DUMPSTYLE, which specifies the method of writing system dumps, is a 32-bit mask. Table 2-1 shows how the bits are defined. Each bit can be set independently. The value of the SYSGEN parameter is the sum of the values of the bits that have been set. Remaining or undefined values are reserved to Compaq.
Bit | Value | Description |
---|---|---|
0 | 0 | 0= Full dump (SYSGEN default). The entire contents of physical memory will be written to the dump file. |
1= Selective dump. The contents of memory will be written to the dump file selectively to maximize the usefulness of the dump file while conserving disk space. | ||
1 | 2 | 0= Minimal console output. |
1= Full console output (includes stack dump, register contents, and so on.) | ||
2 | 4 | This bit is ignored on Alpha systems. |
3 | 8 | 0= Do not compress. |
1= Compress. | ||
4-31 | Reserved to Compaq |
In a physical memory dump, the DUMPSTYLE system parameter can be set to 0,2,8, or 10. Each value provides a full dump; the value of 0 yields an uncompressed dump with minimal console output; the value of 2 provides an uncompressed dump with full console output; the value of 8 provides a compressed dump with minimal console output; and the value of 10 provides a compressed dump with full console output. A physical memory dump requires that all physical memory be written to the dump file. This ensures the presence of all the page table pages required for SDA to emulate translation of system virtual addresses. These table pages include the level 1 page table of the current process, the shared level 2 page table that maps the system page table (SPT), and the level 3 page table pages that constitute the SPT.
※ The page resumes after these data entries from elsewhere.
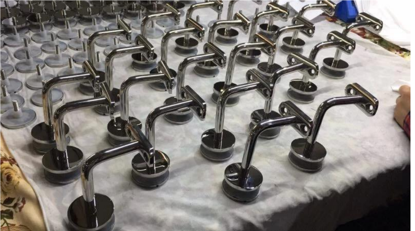
: الزجاج حديدي الفولاذ المقاوم للصدأ الحائط حامل درابزين صورة للرجوع اليها 3. : قابل للتعديل درابزين قوس داخلي في الهواء الطلق
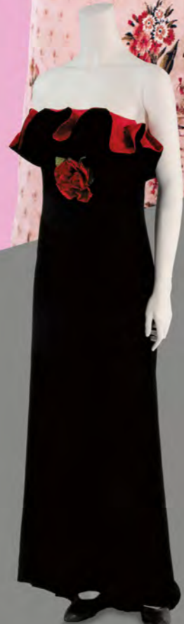
ドレス 1979年 ニナ・リッチ 越路吹雪着用
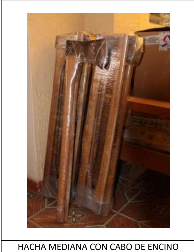
HACHA MEDIANA CON CABO DE ENCINO
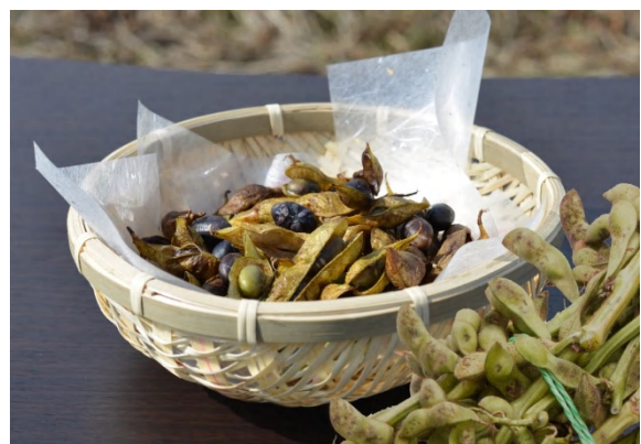
【兵庫の若手農業者と共同開発した「丹波咲々黒大豆」】

お問い合わせ先： 株式会社アトラステクノサービス 統括部長 鯛 氏 TEL 078-965-3119
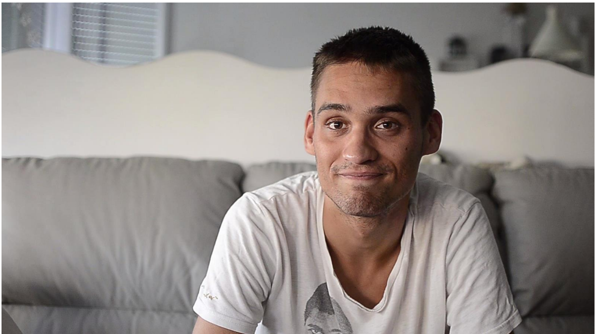
Slika 13 Treći dio razgovora, u stanu u Zagrebu

Srednji plan na akteru, kadar koji prikazuje stan i akterovo uobičajeno stanje tijekom bivanja u tom prostoru. Kamera je dinamična, a sam kadar kratko traje.
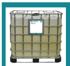
Cuve de 270 gallons (1022 l) SKU: 229-270G UPC-12: 641238033899

DeepL a peut-être été utilisé pour traduire certaines parties de cette fiche technique. N'hésitez pas à nous signaler toute erreur à corriger : webmaster4mfs@gmail.com
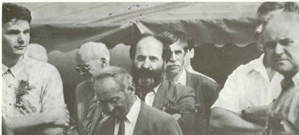
Ugledni gostje na srečanju pri Najevski lipi
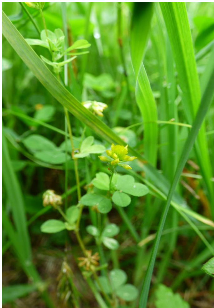
Fot.9. Koniczyna drobnogłówkowa Trifolium dubium

In certain system configurations, it may be impossible to preserve the entire contents of memory in a disk file. For instance, a large memory system or a system with small disk capacity may not be able to supply enough disk space for a full memory dump. If the system dump file cannot accommodate all of memory, information essential to determining the cause of the system failure may be lost.
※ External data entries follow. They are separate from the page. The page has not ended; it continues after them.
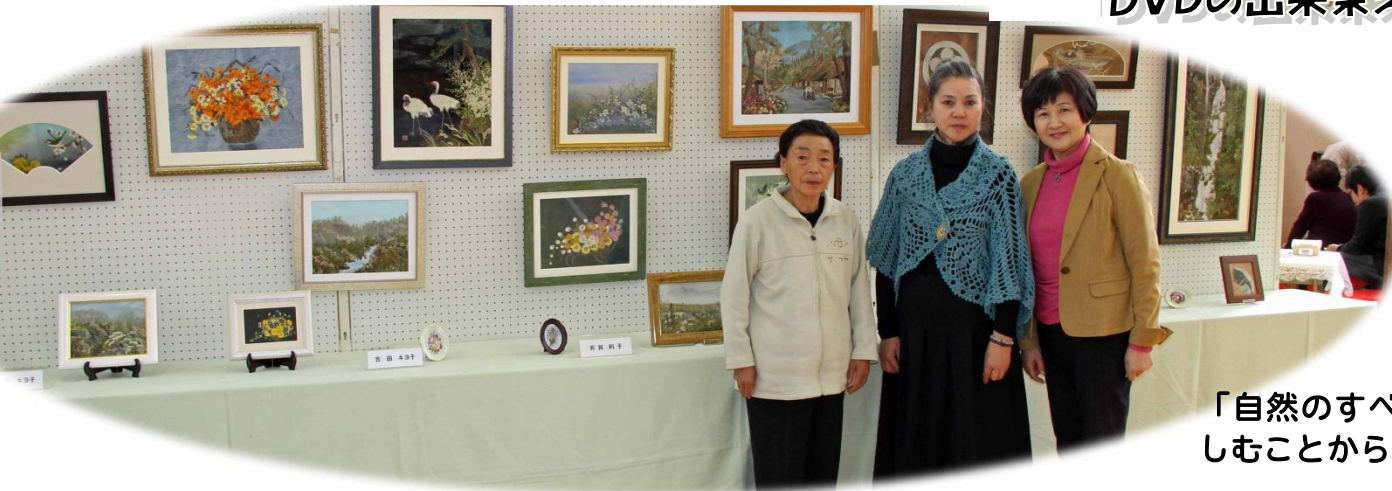
「自然のすべての命を慈しむことから始まる」と
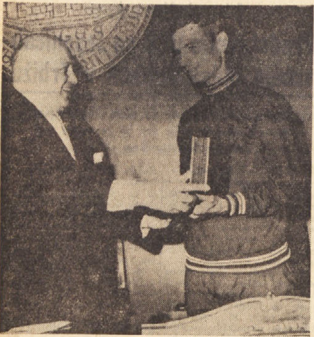
Svetovni prvak Rick Van Looy, ki je zmagal v Trstu, je včeraj dobil še eno nagrado: tržaški župan mu je izročil zlato kolajno s starim občinskim pečatom
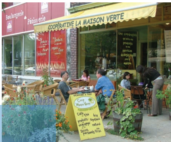
Coopérative La maison verte

To preserve those portions of memory that contain information most useful in determining the causes of system failures, a system manager sets the value of the DUMPSTYLE system parameter to 1, 3, 9, or 11 to specify a dump of selected virtual address spaces. Each value provides a selective dump; the value of 1 yields an uncompressed dump with minimal console output; the value of 3 provides an uncompressed dump with full console output; the value of 9 provides a compressed with minimal console output; and the value of 11 provides a compressed with full console output. In a selective dump, related pages of virtual address space are written to the dump file as a unit called a logical memory block (LMB). For example, one LMB consists of the system and global page tables; another is the address space of a particular process. Those LMBs most likely to be useful in crash dump analysis are written first.
Table 2-2 compares full and selective style dump files.
Item | Full | Selective |
---|---|---|
Available Information | Complete contents of physical memory in use, stored in order of increasing physical address. | System page table, global page table, system space memory, and process and control regions (plus global pages) for all saved processes. |
Unavailable Information | Contents of paged-out memory at the time of the system failure. | Contents of paged-out memory at the time of the system failure, process and control regions of unsaved processes, L1 page tables, and memory not mapped by a page table. |
SDA Command Limitations | None. | The following commands are not useful for unsaved processes: SHOW PROCESS/CHANNELS, SHOW PROCESS/IMAGE, SHOW PROCESS/RMS, SHOW STACK, and SHOW SUMMARY/IMAGE. |
You can adjust the size of the system page file and dump file using AUTOGEN (the recommended method) or by using SYSGEN.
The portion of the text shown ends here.